Safety and Pharmacokinetics of HTL0018318, a Novel M1 Receptor Agonist, Given in Combination with Donepezil at Steady State: A Randomized Trial in Healthy Elderly Subjects.

INTRODUCTION: HTL0018318 is a selective muscarinic M1 receptor partial agonist under development for the symptomatic treatment of dementias, including Alzheimer's disease. Clinically, HTL0018318 would likely be used alone or in conjunction with cholinesterase inhibitors (e.g. donepezil). OBJECTIVE: We investigated the safety, tolerability, and pharmacokinetics of HTL0018318 given alone and in combination with donepezil. METHODS: This was a randomized, double-blind, placebo-controlled trial in 42 (to deliver 36 with combination treatment) healthy elderly subjects investigating the effects of oral HTL0018318 15 and 25 mg given alone and combined with donepezil 10 mg at steady state on adverse events (AEs), vital signs, saliva production, sleep quality, pulmonary function, subjective feelings, and pharmacokinetics.
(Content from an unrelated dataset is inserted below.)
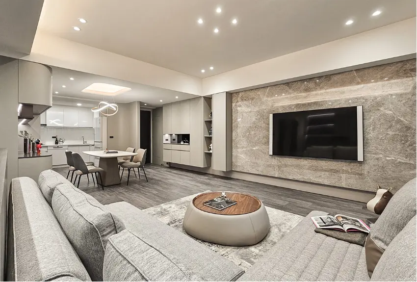 客厅保持了原始层高,让空间更加敞亮通透。略带浅灰色的耐磨木地板,深浅有致的木纹,让轻奢空间多了温润质感。大理石作为电视墙,亮面光滑质地夹杂流纹挥舞,映现不凡的品味与优雅大气。
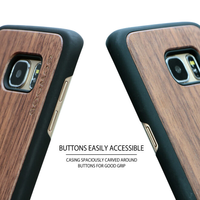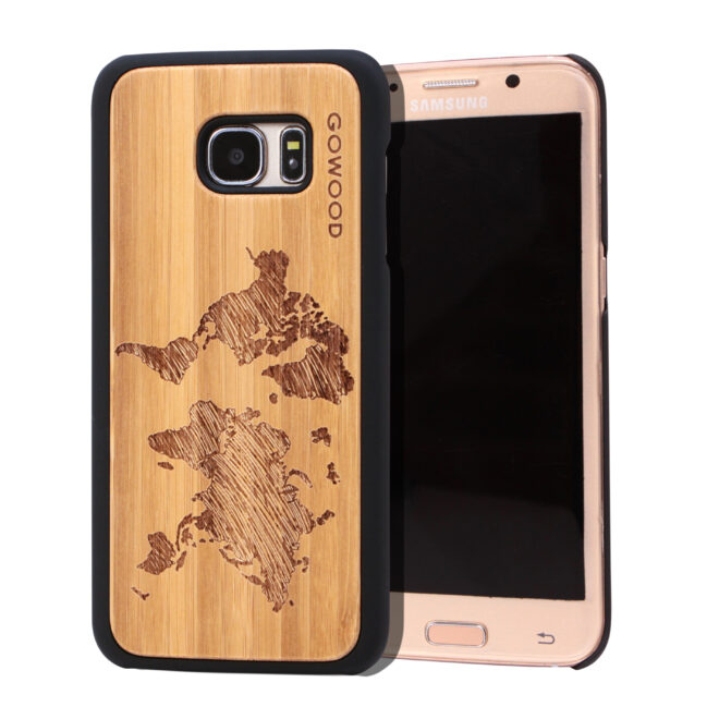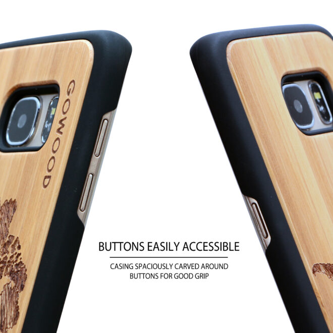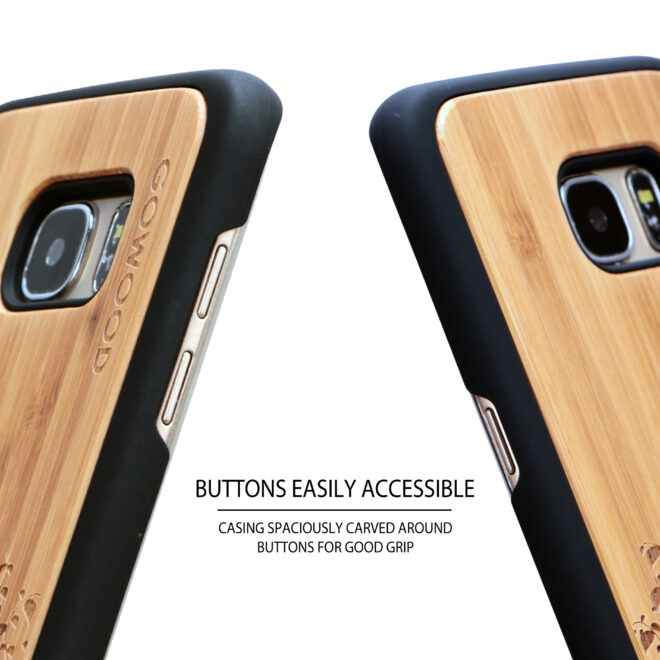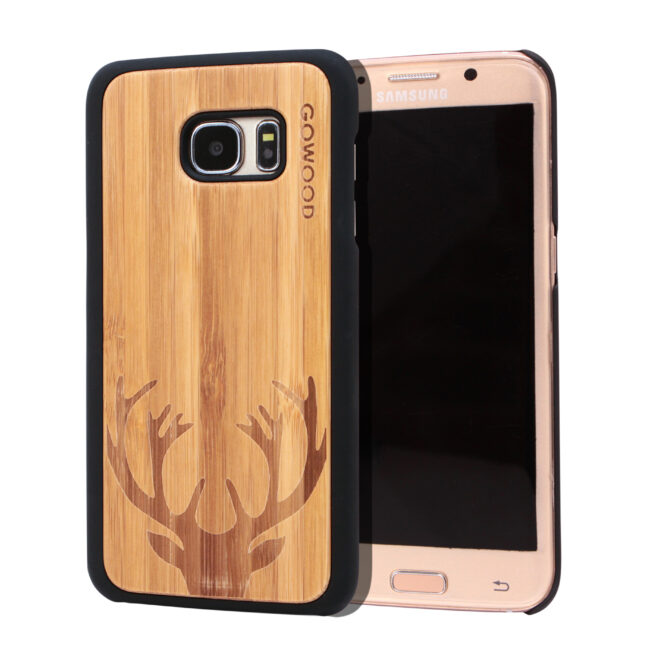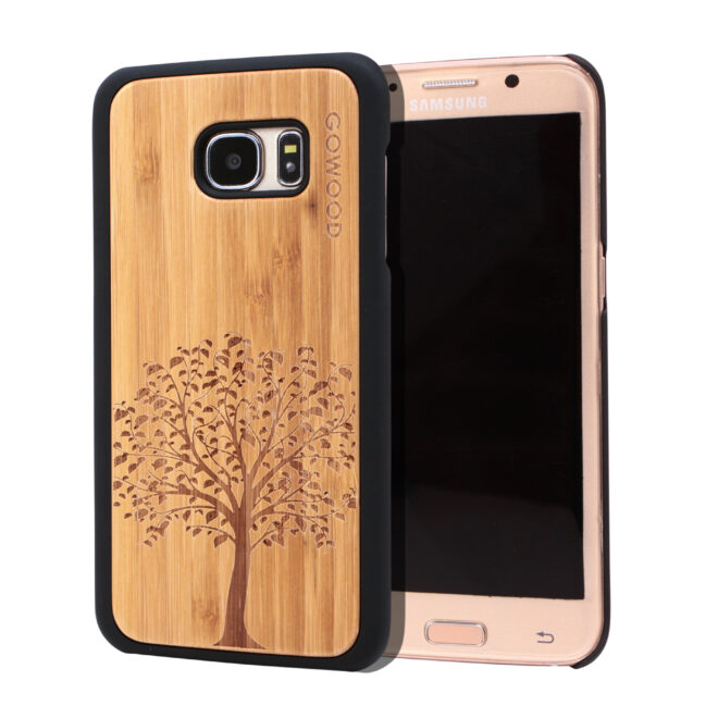 We offer Samsung Galaxy S7 Edge wood cases made of a combination of wood and polycarbonate. Our Samsung Galaxy S7 Edge cases are made of bamboo or walnut wood. All bamboo wood cases have beautiful engravings on the back. The strong shock absorbing polycarbonate acts as a bumper and protects your phone if it drops.

RESULTS: AEs were reported by lower percentages of subjects after HTL0018318 alone than after donepezil alone. There was no increase in the percentage of subjects reporting AEs after co-administration than after donepezil alone. Supine systolic blood pressure was 1.6 mmHg (95% confidence interval [CI] -3.1 to -0.1) lower after HTL0018318 alone than after combination treatment. This was comparable with results from placebo alone: 1.7 mmHg (95% CI -3.2 to 0.2) lower than with combination treatment. Supine pulse rate was 3.3 bpm (95% CI 1.5-5.1) higher after HTL0018318 alone than with co-administration. HTL0018318 and donepezil did not meaningfully affect each other's pharmacokinetics. CONCLUSION: HTL0018318 was well tolerated when given alone and in combination with donepezil. HTL0018318 and donepezil do not demonstrate pharmacokinetic or pharmacodynamic interactions, indicating that HTL0018318 can be safely administered in combination with donepezil. CLINICAL TRIAL REGISTRATION: Netherlands Trial register identifier NL5915, registered on 28 October 2016.

Safety, pharmacokinetics and exploratory pro-cognitive effects of HTL0018318, a selective M1 receptor agonist, in healthy younger adult and elderly subjects: a multiple ascending dose study.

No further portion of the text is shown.